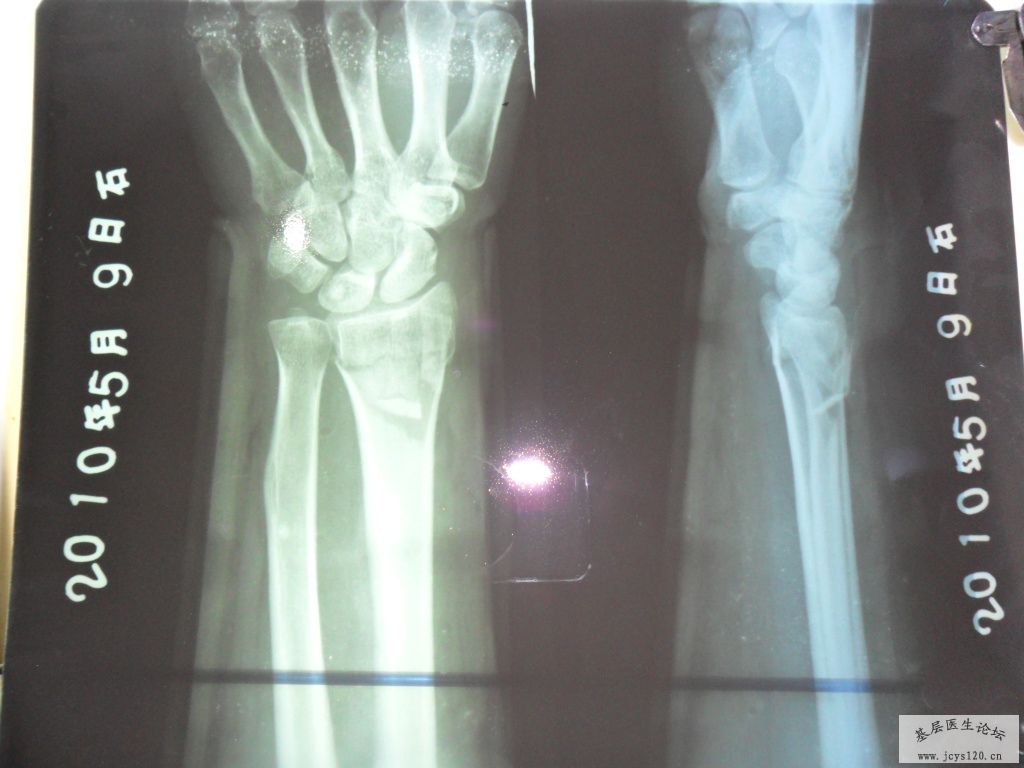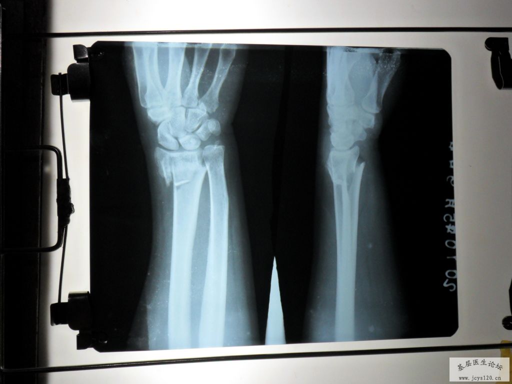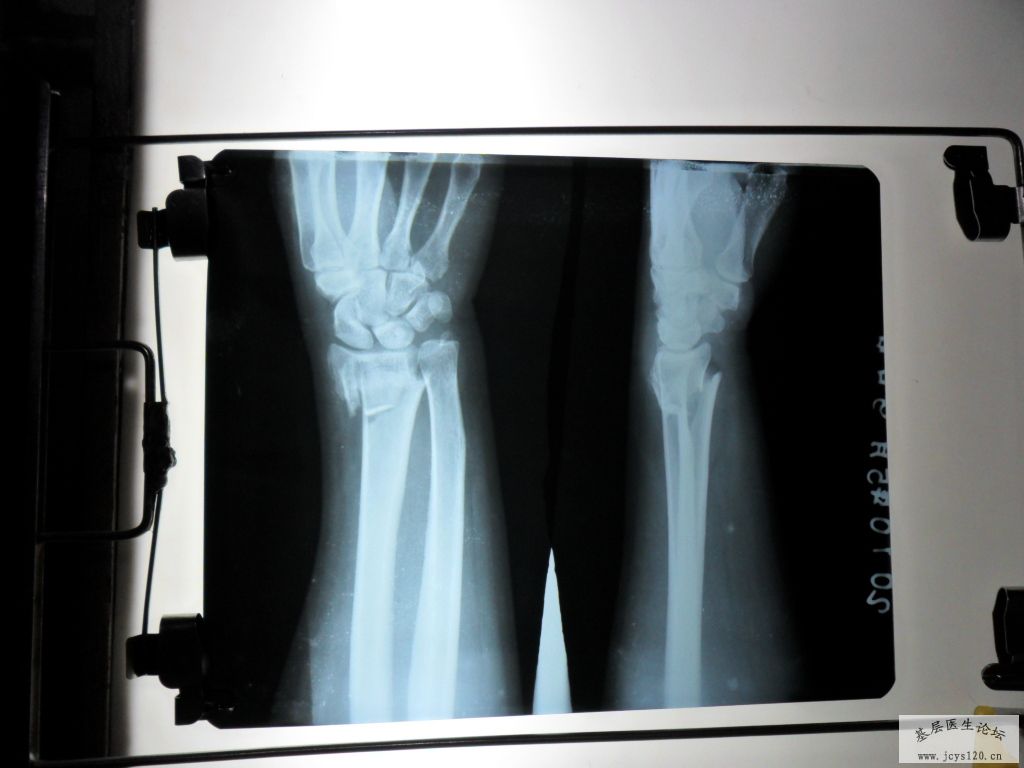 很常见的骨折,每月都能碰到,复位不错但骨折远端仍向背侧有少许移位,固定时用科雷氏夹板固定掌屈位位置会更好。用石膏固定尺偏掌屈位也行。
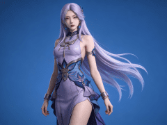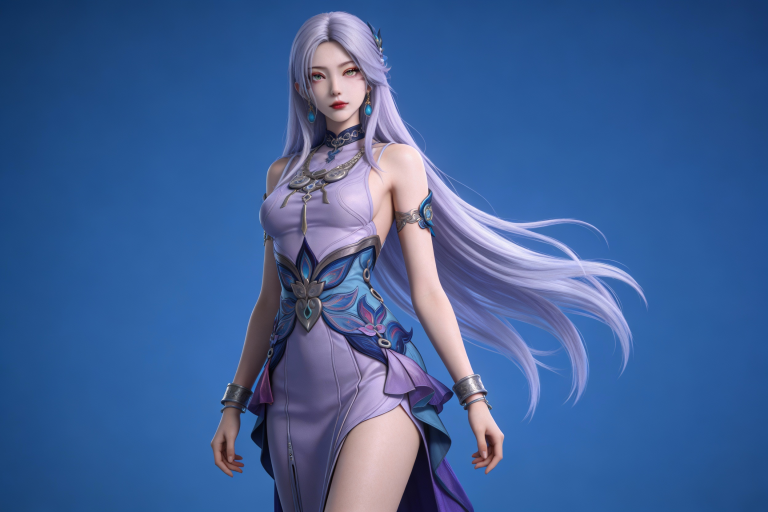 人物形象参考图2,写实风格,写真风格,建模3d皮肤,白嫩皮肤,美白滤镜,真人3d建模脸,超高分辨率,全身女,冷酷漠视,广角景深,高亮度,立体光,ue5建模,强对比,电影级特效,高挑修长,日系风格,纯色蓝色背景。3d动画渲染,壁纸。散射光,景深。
-------
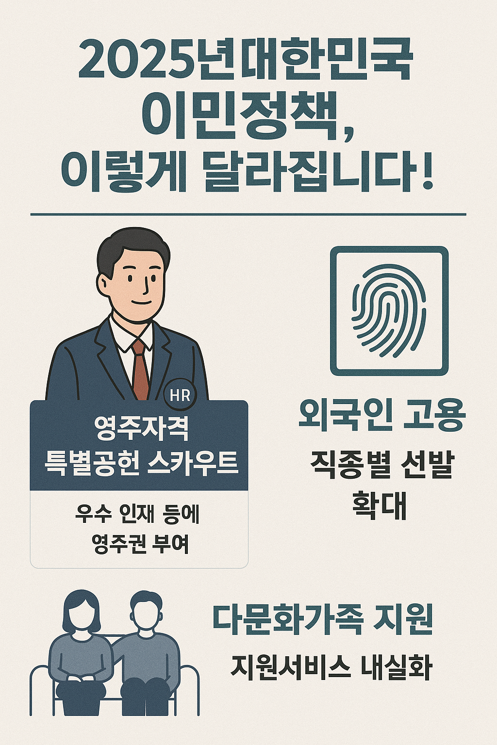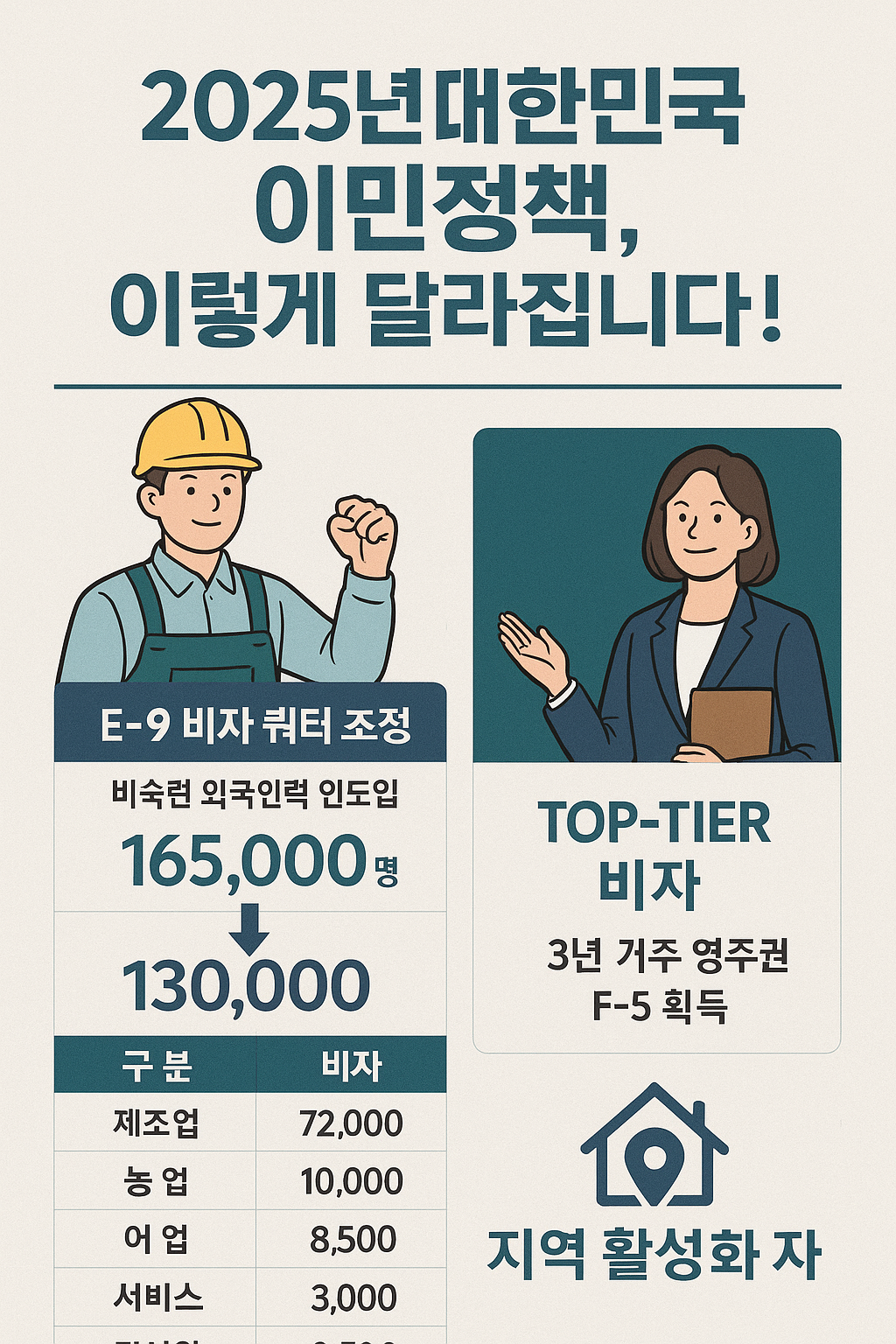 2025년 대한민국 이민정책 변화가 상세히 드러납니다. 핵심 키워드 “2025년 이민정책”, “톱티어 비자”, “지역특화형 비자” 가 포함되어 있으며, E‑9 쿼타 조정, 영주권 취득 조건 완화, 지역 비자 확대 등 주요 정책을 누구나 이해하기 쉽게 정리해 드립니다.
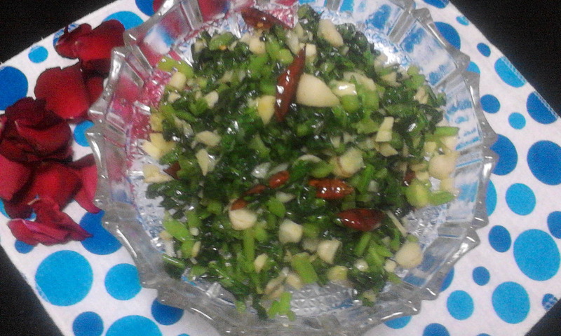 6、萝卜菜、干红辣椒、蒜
-------
• **TASK TO COMPLETE**
In the data above, the stretch from the line with "很常见的骨折,每月都能碰到,复位不错但骨" through the line with "人物形象参考图2,写实风格,写真风格,建" is to be returned exactly, minus any pictures.

• **ANSWER TO THE PROBLEM**
 很常见的骨折,每月都能碰到,复位不错但骨折远端仍向背侧有少许移位,固定时用科雷氏夹板固定掌屈位位置会更好。用石膏固定尺偏掌屈位也行。
 人物形象参考图2,写实风格,写真风格,建模3d皮肤,白嫩皮肤,美白滤镜,真人3d建模脸,超高分辨率,全身女,冷酷漠视,广角景深,高亮度,立体光,ue5建模,强对比,电影级特效,高挑修长,日系风格,纯色蓝色背景。3d动画渲染,壁纸。散射光,景深。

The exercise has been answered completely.